En 1946, mientras me dirigía en tren hacia Darjeeling para hacer los ejercicios espirituales, sentí nuevamente una llamada para abandonarlo todo y seguir a Cristo en los suburbios y servirlo en los más pobres de los pobres. Comprendí que eso era lo que Cristo quería de mí.

En el año 1948, después de 20 años de permanencia en India, opté por un contacto más estrecho con los más pobres de los pobres. Era una llamada dentro de mi vocación. Sentía que Dios quería algo más de mí. Para mí su mensaje era claro: dejar el convento y trabajar con los pobres, viviendo en medio de ellos. Sabía dónde me llamaba, pero ignoraba cómo llegar. Dios quería que yo fuera pobre con los pobres y que lo amase bajo las dolorosas semblanzas de los más pobres entre los pobres.
Conté con la bendición de la obediencia. Una vez expuesto mi caso a las Superioras de la congregación y al arzobispo de Calcuta, percibieron que se trataba de la voluntad de Dios, que era Dios el que lo quería.

Escribí a mi Superiora general diciéndole que Dios me llamaba a sí, sirviéndole en los más pobres de los suburbios. Obtuve así la bendición de la obediencia. Teniéndola, no hay ningún motivo para dudar ni se puede equivocar.

A veces, queda la impresión de haberse equivocado. Pero sólo lo es a los ojos de los hombres. No a los ojos de Dios.

No tuve que renunciar a nada en particular. La vocación de pertenecer a Cristo y mi pertenencia a Él, no habían cambiado. Lo único que cambiaba eran los medios exteriores, con la finalidad de servir a los más pobres de los pobres.

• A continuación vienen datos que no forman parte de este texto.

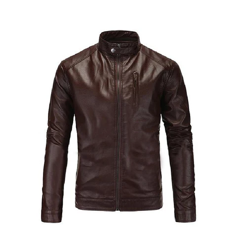 Step up your style game with this men’s dark brown leather jacket, crafted for both casual wear and biker vibes. Made from high-quality genuine leather, this jacket features a stand-up collar with a snap button, front zip closure, and a sleek, slim-fit design for a modern, edgy look. The single chest zipper pocket adds both style and practicality, making it perfect for storing essentials. Its soft inner lining ensures all-day comfort, while the durable stitching provides long-lasting wear. Ideal for everyday outfits, night outings, or motorcycle rides, this jacket is a must-have for your wardrobe.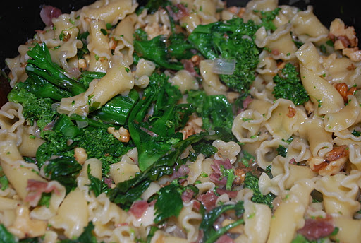To begin, I sautéed a few chopped cloves of garlic and about half of a large, sweet onion in olive oil. I really took my time with this to allow the sweetness of the vegetables to come out and to give the water time to get to a rolling boil. To keep myself busy, I cut my prosciutto into small bites and rinsed my broccoli rabe. Once the water was ready to be introduced to the pasta (I went with Campanelle or “church bells” on a friend’s recommendation. Good call, my Italian friend.), I added the prosciutto to the sauté pan along with some crushed red pepper flakes. I had some walnuts on hand so I gave them a light toasting (with me, it’s either a light toasting or blackened) and coarse chopping.
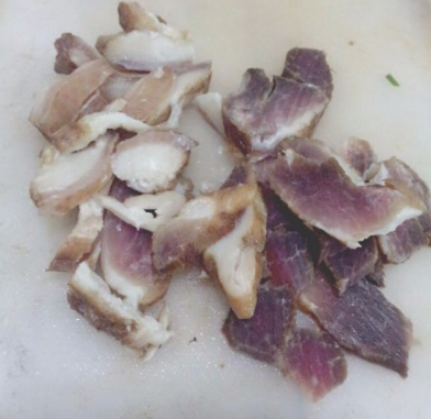腊肉切片。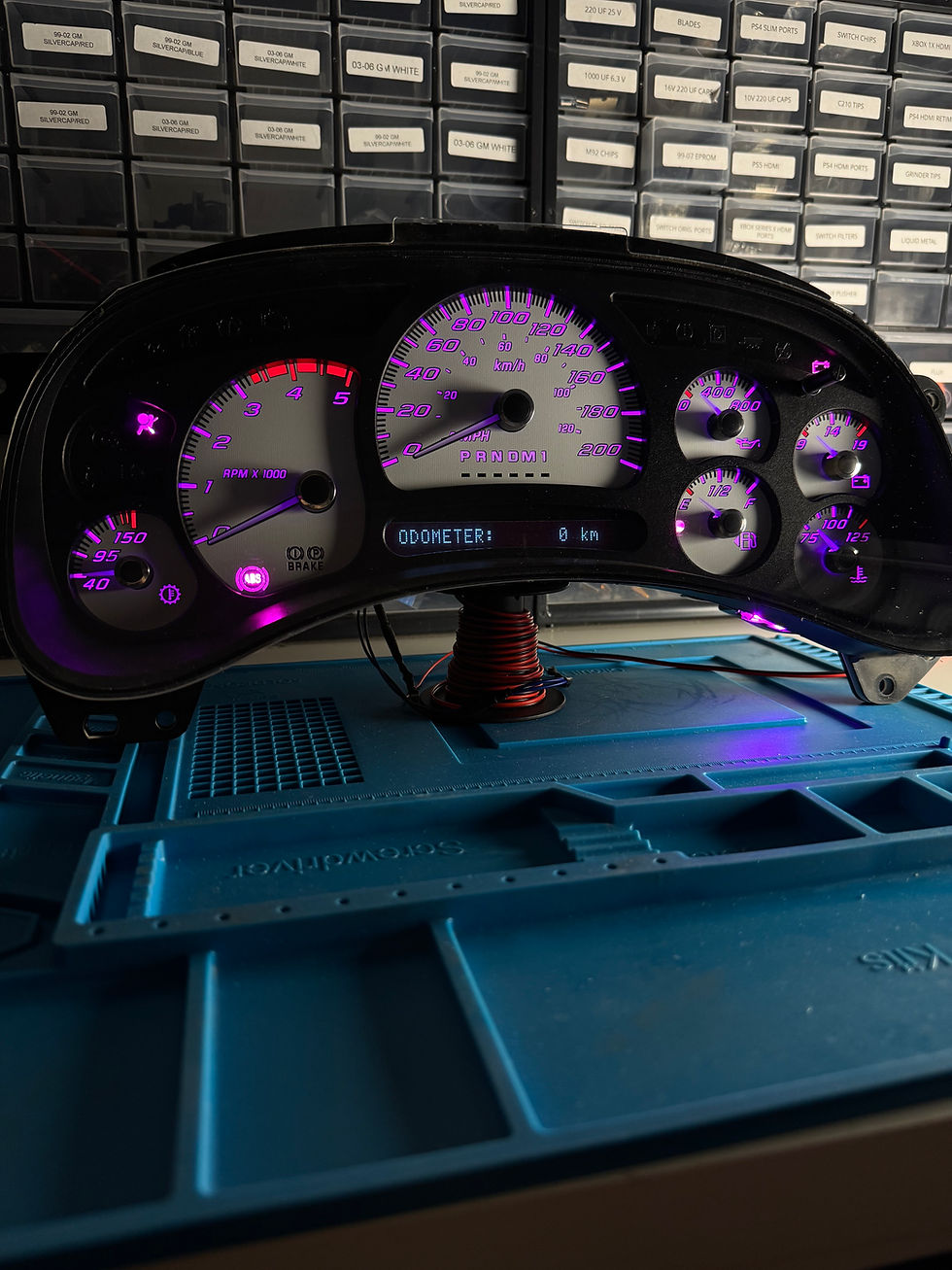 06–07 Diesel GMC Prebuilt Cluster – White Face / Purple Accent

La vocación en sí misma -mi pertenencia a Cristo- no cambió. Más bien, profundizó. Mi amor por Cristo se hizo más profundo en virtud de aquel sacrificio. Este es el motivo por el que hablo de una llamada dentro de la llamada. Mi vocación no fue otra cosa que una prolongación de mi pertenencia a Cristo.

Al mismo tiempo, algunas jóvenes a quienes había tenido como alumnas y que visitaban a los pobres en los suburbios y a los enfermos en los hospitales, manifestaron el deseo de hacerse monjas para dedicarse completamente al apostolado entre los más pobres.

Lo repito una vez más. Fue en septiembre de 1946, en el tren que me llevaba a Darjeeling, donde iba a hacer los ejercicios espirituales, cuando escuché la llamada de Dios. Mientras rezaba a Nuestro Señor en la intimidad y en el silencio, escuché la llamada dentro de la llamada.

El mensaje era muy claro: tenía que dejar el convento (de la congregación de Loreto) y dedicarme al servicio de los pobres viviendo con ellos. Era una orden. Tuve una percepción muy clara respecto al origen de la llamada. Lo que no veía tan claro era cómo secundarla. En otras palabras: sabía dónde ir, pero ignoraba cómo llegar.

Sentí intensamente que Jesucristo quería que yo le sirviese en los más pobres, en los rechazados, en los habitantes de los suburbios, en los marginados, en los que no tienen hogar. Jesucristo me invitaba a seguirlo en pobreza real, comenzando un género de vida que me hiciese igual a los necesitados, en los que Él está presente, en los que Él sufre y ama.